_Input records_
# # # # #
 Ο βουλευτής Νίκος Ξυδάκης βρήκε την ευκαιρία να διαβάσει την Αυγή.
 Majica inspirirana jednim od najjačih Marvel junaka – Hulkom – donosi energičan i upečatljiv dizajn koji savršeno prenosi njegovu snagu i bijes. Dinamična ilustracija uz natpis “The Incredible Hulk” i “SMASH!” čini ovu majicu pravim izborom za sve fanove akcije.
# # # # #
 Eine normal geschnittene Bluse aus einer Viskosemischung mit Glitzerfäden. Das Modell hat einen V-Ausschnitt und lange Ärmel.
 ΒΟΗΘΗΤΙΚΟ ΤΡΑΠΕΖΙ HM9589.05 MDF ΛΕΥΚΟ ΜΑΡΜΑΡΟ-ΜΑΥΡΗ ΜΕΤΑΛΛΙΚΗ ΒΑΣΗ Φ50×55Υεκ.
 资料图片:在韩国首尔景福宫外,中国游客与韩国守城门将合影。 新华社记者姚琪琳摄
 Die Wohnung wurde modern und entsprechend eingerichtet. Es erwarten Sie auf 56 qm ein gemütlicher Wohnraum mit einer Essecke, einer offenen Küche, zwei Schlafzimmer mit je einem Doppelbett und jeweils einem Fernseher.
# # # # #
From the listing above, return the lines starting at the one with "资料图片:在韩国首尔景福宫外,中国游客与韩国守城门将合影。 新华社记者姚琪琳摄" and ending at the one with "Die Wohnung wurde", both kept, exactly as they appear and nothing more.

_Exercise result_
 资料图片:在韩国首尔景福宫外,中国游客与韩国守城门将合影。 新华社记者姚琪琳摄
 Die Wohnung wurde modern und entsprechend eingerichtet. Es erwarten Sie auf 56 qm ein gemütlicher Wohnraum mit einer Essecke, einer offenen Küche, zwei Schlafzimmer mit je einem Doppelbett und jeweils einem Fernseher.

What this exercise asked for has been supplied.